FlippyThePen, I apologize for calling you FlippyTB instead of FlippyTP. I guess when I read your name, I imagined shooting someone the bird, and not flipping a pen, shooting across the room. Oi vet, and I can't get the edit box to China up on that comment from my phone.

 

I enjoy the Konrad pens I have very much. There are so many different beautiful colors and the ebonite i love especially - it is a lovely material for pens absolutely. I would love to see a really fancy Konrad with mother of pearl, or even pearlescent glitter.
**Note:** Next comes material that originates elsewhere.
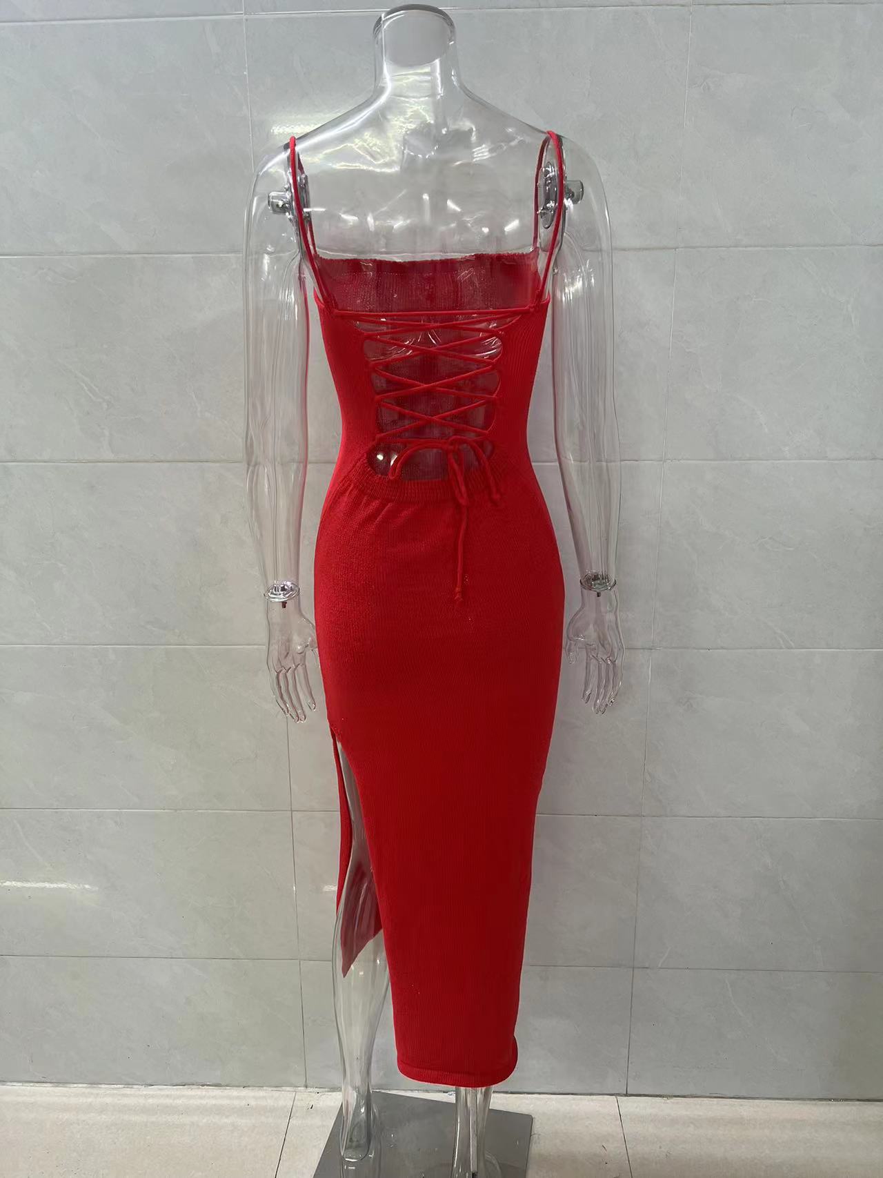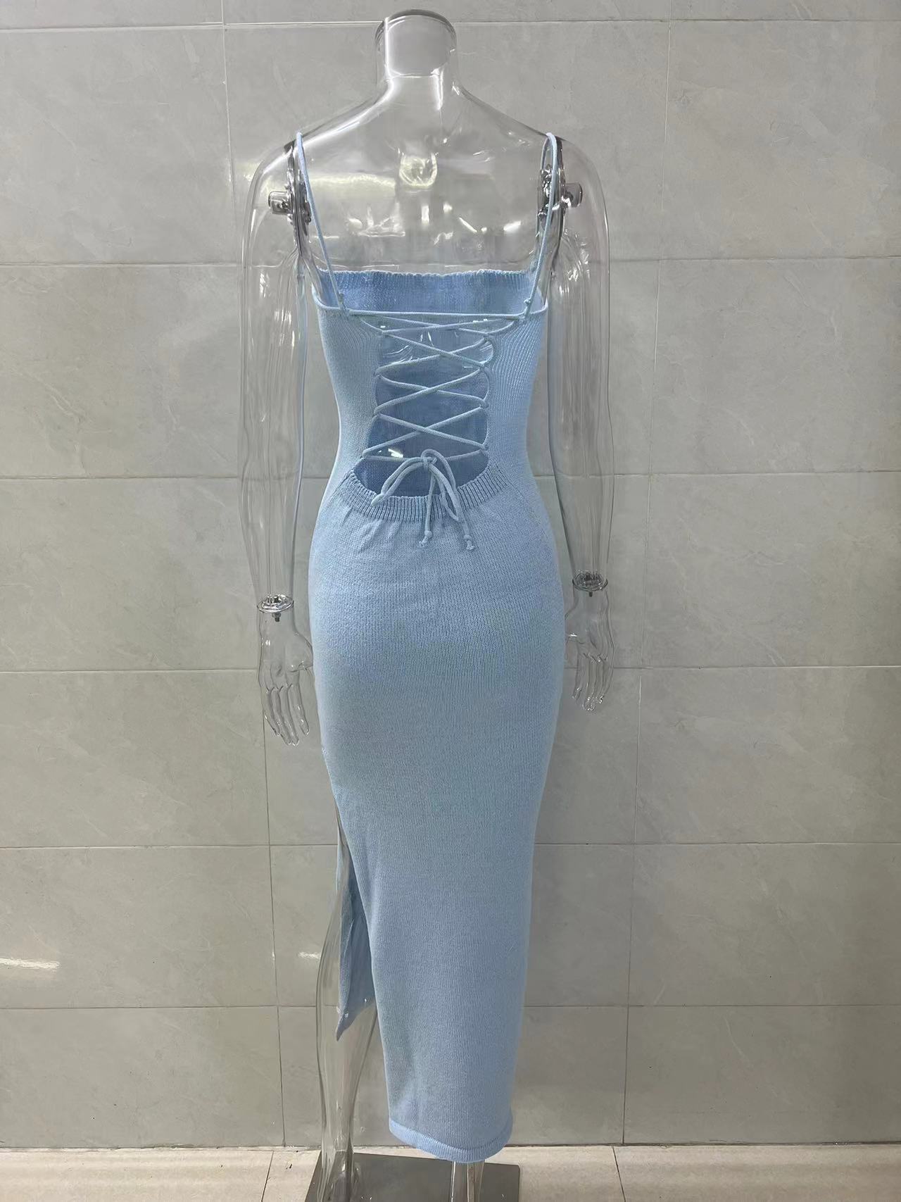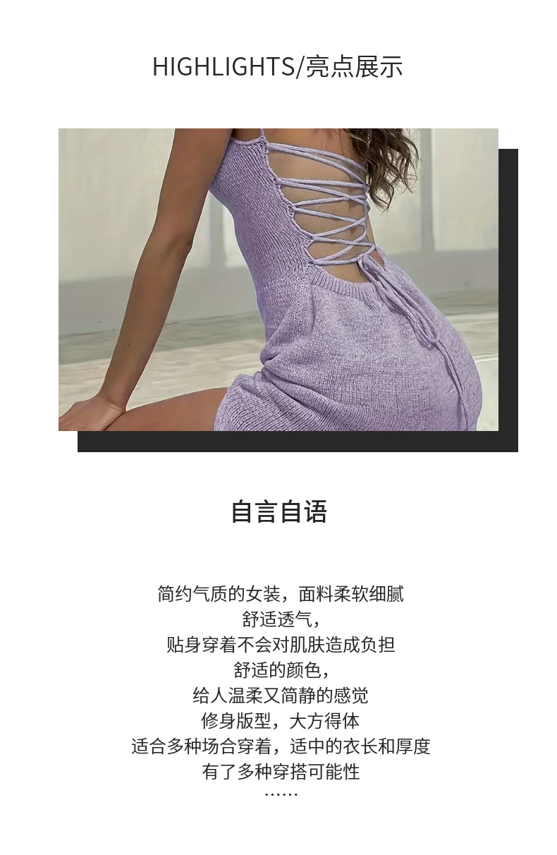 유럽과 미국의 국경 간 대외 무역 여성의 여름 백리스 비치 원피스 여성의 섹시한 스파이스 니트 슬링 원피스스토어 가기

Never tried an Ahab nor a Neponset but I love the whaling theme of the Ahab's shape.

 

What I'd really like to try is the regular Nib Creaper because I put a flex nib from that pen into my free Charlie pen, and it flexes so much more readily than the Konrad. Now, if That was available in a glittery pearlized or mother of pearl finish, I'd probably buy a few, just for the ease of having multiple ink colors in my flex pens. But then again, demonstrators are beautiful too.

 

I plan on writing more reviews for sure. This place will allow me the freedom to ramble about pens. It's a no brainer, since I don't know too many people who will listen to me list a hundred reasons I prefer pen x over pen y :) Just need to decide which pen to review next. I want to such to the ones that are available for purchase, so I'm not reviewing something that no one else will be able to try.